* **Task requirements**
Only the lines from the top of the records below through the line containing "Pattern Wedding &" should be printed, exactly and without pictures.

Supplied material Start Marker

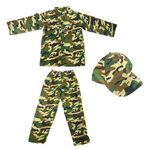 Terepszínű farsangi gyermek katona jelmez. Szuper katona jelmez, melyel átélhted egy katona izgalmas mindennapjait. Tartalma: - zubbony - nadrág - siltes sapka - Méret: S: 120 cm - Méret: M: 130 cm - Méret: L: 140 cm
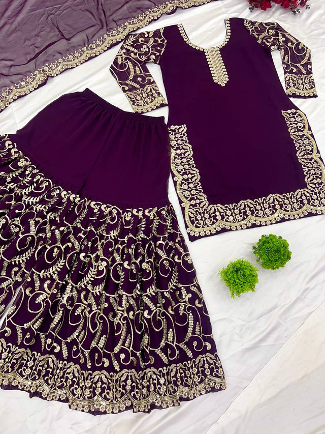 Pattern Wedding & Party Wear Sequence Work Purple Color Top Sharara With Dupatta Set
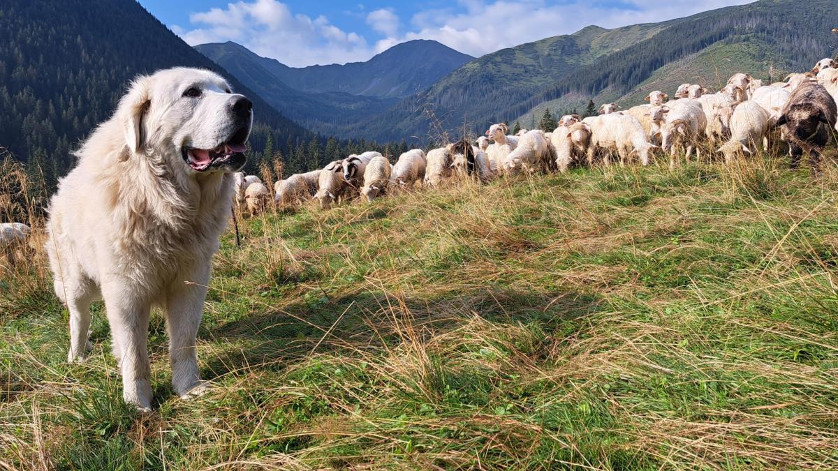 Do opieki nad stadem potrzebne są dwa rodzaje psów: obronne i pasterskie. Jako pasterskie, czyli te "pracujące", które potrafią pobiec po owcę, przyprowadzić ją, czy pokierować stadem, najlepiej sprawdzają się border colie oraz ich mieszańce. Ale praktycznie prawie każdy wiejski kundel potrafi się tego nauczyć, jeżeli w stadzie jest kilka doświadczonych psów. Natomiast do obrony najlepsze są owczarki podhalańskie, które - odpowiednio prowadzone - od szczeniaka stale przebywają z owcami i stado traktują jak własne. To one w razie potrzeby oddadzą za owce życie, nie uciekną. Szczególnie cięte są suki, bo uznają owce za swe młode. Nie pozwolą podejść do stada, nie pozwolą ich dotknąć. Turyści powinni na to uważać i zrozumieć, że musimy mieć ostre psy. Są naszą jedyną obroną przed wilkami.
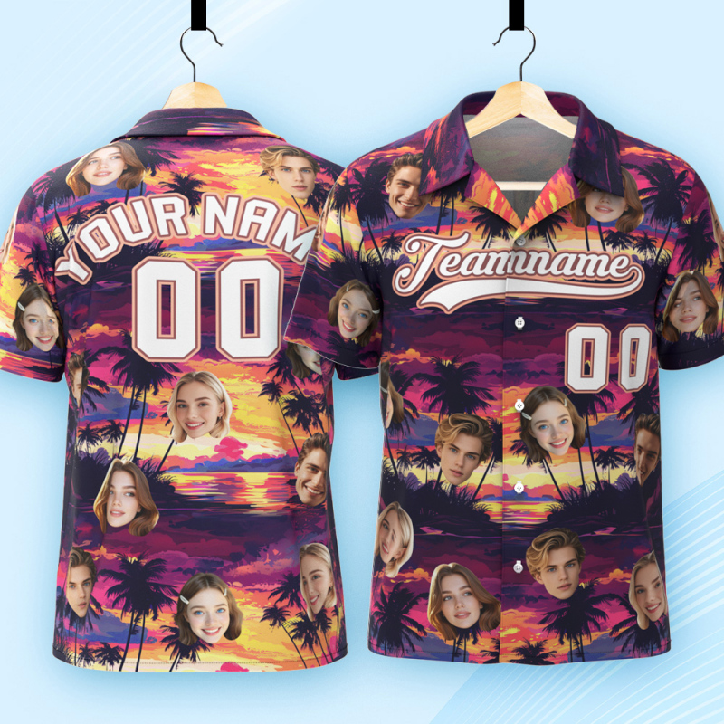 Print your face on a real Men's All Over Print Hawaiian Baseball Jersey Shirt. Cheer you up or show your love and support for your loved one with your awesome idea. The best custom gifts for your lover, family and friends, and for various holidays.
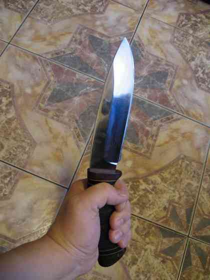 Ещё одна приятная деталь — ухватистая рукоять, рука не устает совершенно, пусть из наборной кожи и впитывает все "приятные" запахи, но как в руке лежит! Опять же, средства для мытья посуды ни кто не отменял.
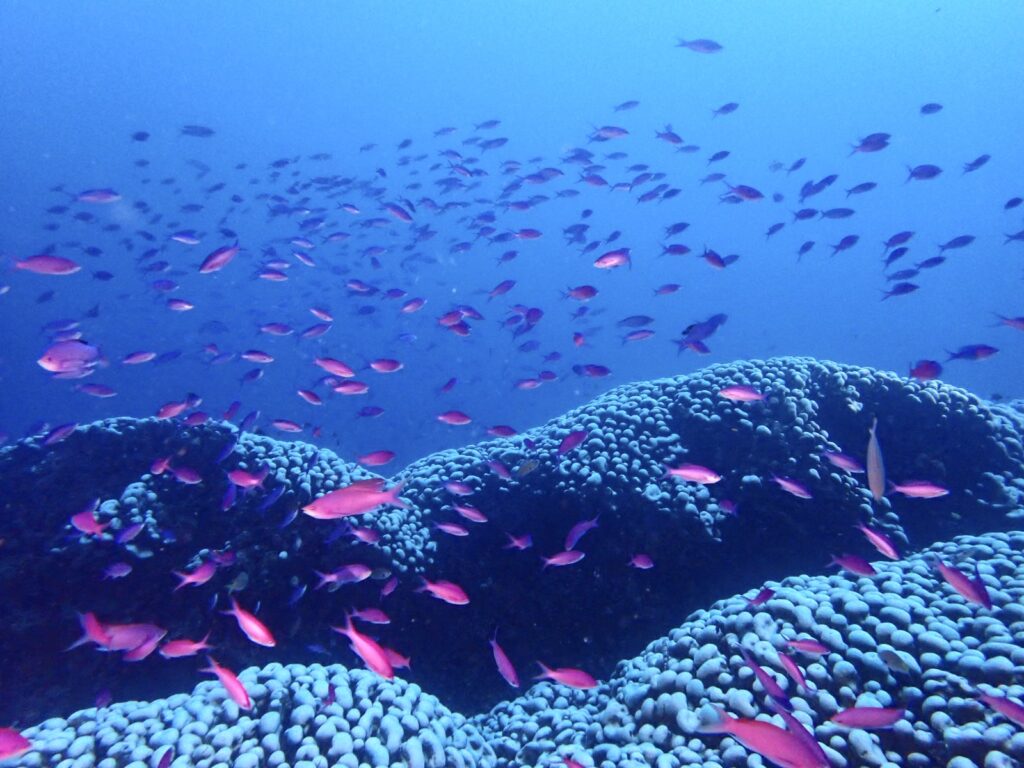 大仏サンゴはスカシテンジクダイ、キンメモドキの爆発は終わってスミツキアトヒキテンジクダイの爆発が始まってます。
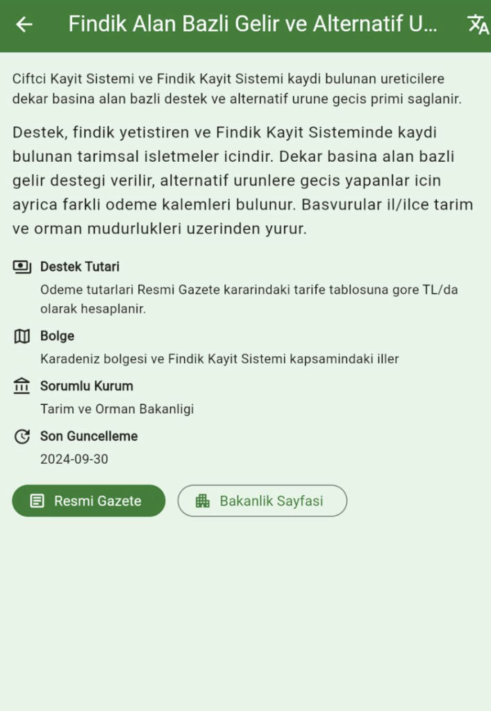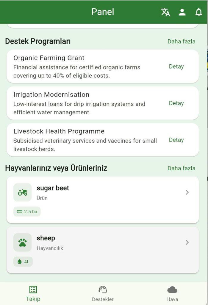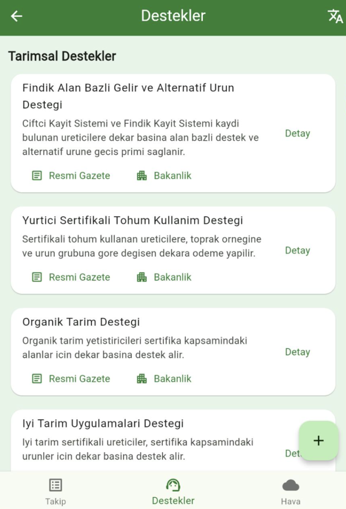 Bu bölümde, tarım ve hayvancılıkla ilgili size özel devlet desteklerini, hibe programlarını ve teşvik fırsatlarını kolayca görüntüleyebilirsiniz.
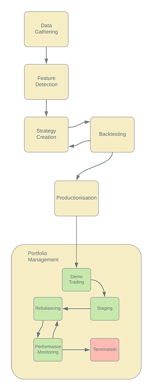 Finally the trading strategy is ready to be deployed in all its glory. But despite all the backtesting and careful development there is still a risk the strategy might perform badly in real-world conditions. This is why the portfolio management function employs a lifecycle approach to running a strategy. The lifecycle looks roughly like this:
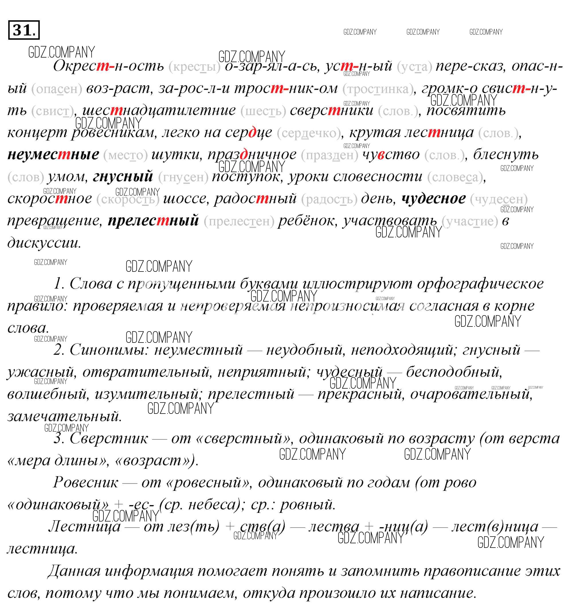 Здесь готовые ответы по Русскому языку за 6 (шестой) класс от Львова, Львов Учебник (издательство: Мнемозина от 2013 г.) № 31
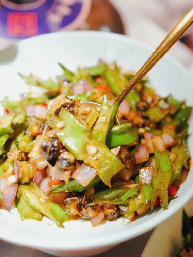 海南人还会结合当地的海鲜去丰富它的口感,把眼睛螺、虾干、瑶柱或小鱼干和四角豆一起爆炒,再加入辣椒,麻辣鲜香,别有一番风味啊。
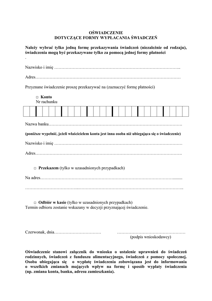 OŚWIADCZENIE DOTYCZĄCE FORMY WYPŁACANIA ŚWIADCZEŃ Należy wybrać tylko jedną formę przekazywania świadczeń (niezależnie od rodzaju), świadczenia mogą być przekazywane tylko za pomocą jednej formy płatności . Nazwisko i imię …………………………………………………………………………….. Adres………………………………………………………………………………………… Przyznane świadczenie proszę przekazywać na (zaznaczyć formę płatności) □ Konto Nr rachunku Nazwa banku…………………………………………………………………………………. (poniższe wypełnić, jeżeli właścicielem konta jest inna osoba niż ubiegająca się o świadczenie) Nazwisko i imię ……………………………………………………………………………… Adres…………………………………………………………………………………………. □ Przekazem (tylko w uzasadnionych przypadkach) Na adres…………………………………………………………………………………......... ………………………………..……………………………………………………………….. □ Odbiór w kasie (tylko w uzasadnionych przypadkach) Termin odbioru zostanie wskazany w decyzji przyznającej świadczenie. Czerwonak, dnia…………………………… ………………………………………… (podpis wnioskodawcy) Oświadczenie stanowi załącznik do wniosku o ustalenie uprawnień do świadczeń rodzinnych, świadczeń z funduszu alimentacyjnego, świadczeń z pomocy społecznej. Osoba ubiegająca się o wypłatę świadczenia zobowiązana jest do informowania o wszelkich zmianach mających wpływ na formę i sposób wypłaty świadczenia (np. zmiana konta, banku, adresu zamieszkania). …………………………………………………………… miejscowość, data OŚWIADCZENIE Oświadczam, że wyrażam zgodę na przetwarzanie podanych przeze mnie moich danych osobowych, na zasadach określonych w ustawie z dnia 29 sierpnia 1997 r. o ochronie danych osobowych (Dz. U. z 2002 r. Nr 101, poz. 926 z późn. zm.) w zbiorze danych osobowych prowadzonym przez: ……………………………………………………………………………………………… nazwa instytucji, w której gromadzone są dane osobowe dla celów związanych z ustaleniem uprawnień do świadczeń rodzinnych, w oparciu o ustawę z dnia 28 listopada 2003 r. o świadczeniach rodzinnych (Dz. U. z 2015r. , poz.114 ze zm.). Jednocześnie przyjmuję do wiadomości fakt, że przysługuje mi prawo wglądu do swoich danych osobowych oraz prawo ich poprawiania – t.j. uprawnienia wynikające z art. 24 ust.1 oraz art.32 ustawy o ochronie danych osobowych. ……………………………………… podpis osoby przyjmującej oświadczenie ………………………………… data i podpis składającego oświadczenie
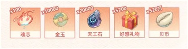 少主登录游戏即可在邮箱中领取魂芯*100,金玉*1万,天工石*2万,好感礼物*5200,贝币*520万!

Supplied material End Marker

* **Task response**
 Terepszínű farsangi gyermek katona jelmez. Szuper katona jelmez, melyel átélhted egy katona izgalmas mindennapjait. Tartalma: - zubbony - nadrág - siltes sapka - Méret: S: 120 cm - Méret: M: 130 cm - Méret: L: 140 cm
 Pattern Wedding & Party Wear Sequence Work Purple Color Top Sharara With Dupatta Set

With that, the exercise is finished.